Your objective >>
From the entries that follow, copy exactly the lines beginning at the line holding "Vivi l’esperienza di" and continuing through the line holding "9月30日上午,省殯葬協(x".

Data >>

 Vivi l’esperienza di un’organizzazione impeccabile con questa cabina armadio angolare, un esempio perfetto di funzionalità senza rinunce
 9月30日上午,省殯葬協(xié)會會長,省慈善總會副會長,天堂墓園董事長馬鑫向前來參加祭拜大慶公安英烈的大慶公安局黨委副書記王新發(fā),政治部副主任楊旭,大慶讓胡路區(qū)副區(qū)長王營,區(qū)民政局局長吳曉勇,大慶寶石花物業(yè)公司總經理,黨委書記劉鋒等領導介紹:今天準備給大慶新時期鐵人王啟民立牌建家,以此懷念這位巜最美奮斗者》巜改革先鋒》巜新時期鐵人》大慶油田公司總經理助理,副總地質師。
---
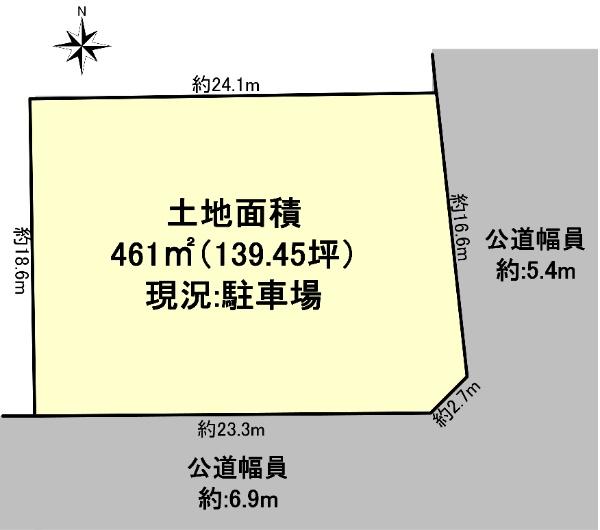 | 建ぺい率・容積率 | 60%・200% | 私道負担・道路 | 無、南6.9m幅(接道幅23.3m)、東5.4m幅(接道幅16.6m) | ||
* * *
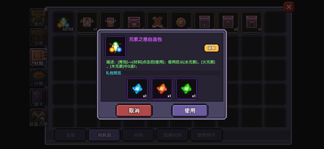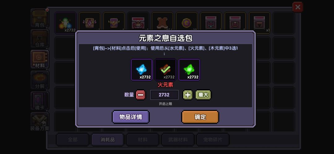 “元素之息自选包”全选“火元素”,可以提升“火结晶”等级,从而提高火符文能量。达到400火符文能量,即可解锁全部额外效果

Task result >>
 Vivi l’esperienza di un’organizzazione impeccabile con questa cabina armadio angolare, un esempio perfetto di funzionalità senza rinunce
 9月30日上午,省殯葬協(xié)會會長,省慈善總會副會長,天堂墓園董事長馬鑫向前來參加祭拜大慶公安英烈的大慶公安局黨委副書記王新發(fā),政治部副主任楊旭,大慶讓胡路區(qū)副區(qū)長王營,區(qū)民政局局長吳曉勇,大慶寶石花物業(yè)公司總經理,黨委書記劉鋒等領導介紹:今天準備給大慶新時期鐵人王啟民立牌建家,以此懷念這位巜最美奮斗者》巜改革先鋒》巜新時期鐵人》大慶油田公司總經理助理,副總地質師。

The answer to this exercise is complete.